Safety Note SN - 5091 
TIME - The Most Important Parameter in SIS functionality 



1. Introduction 

When we to talk about a Safety Instrumented Systems (SIS) performing its protective action, we use 
to talk about Probability of Failure on Demand (PFD), Safety Integrity Level (SIL), Risk Reduction 
Factor (RRF), Programmable Electronics (PE) and non PE Logic Solvers, and use to discuss about 
diagnostics, redundancy, diversity and architectural constraints. Nobody seems to care about TIME. 

And TIME is the most important parameter in SIS functionality, just because all of other parameters 
depend on it. Let us think about it. 

TIME defines the type of SIS we are using, that is a "demand mode" or a "continuous mode" of 
operation SIS. TIME defines the value of PFD because it depends on Mean Time To Restoration 
(MTTR) and Proof Time Interval (PTI). RRF decreases while TIME elapses. TIME is critical to the 
process safety as its Process Safety Time (PST). 

But what about the Failure Rate? All components on a SIS can fail. The problem is if that failure will 
be probable once a year or once in a million years. TIME is what determines it. 

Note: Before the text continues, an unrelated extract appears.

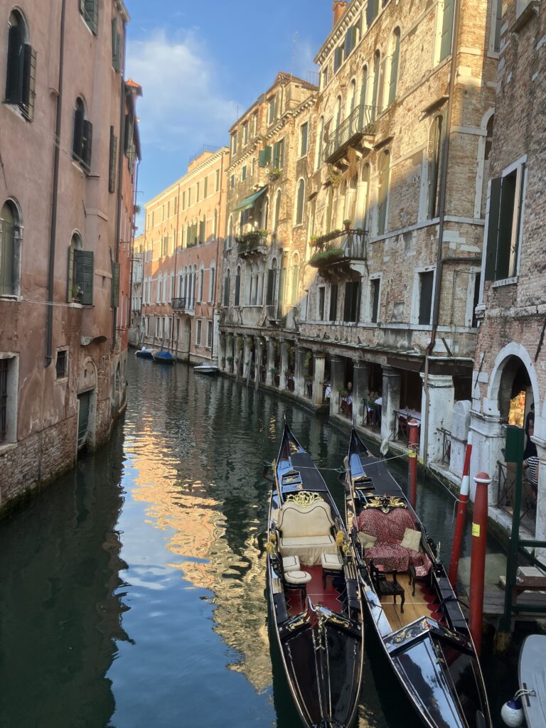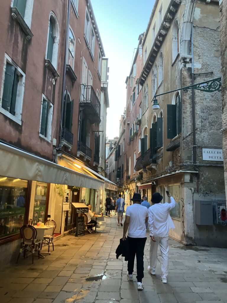 ヴェネチアに到着して駅の外に出た瞬間、目の前に広がる景色に言葉を失いました。 「本当に、道が全部川だ……!」 アムステルダムも運河の街でしたが、ヴェネチアは次元が違うと感じました。まるでディズニーの世界🐀車も自転車も一台も走っていない、聞こえるのは水の音と船のエンジン音、そして観光客の話し声だけ。

So, while SIS is running and trying to protect our lives, the environment and the equipment, TIME is 
challenging it continuously. This paper is focused to analyze how those action, reaction, intervention 
and mean times interact while SIS is running. 

Our purpose is simply help to prevent conceptual design of the SIS and engineering practices during 
its design, implementation, maintenance and further changes to be made, not to fail in bringing the 
SIS the appropriate functional characteristics required for each application to run safely.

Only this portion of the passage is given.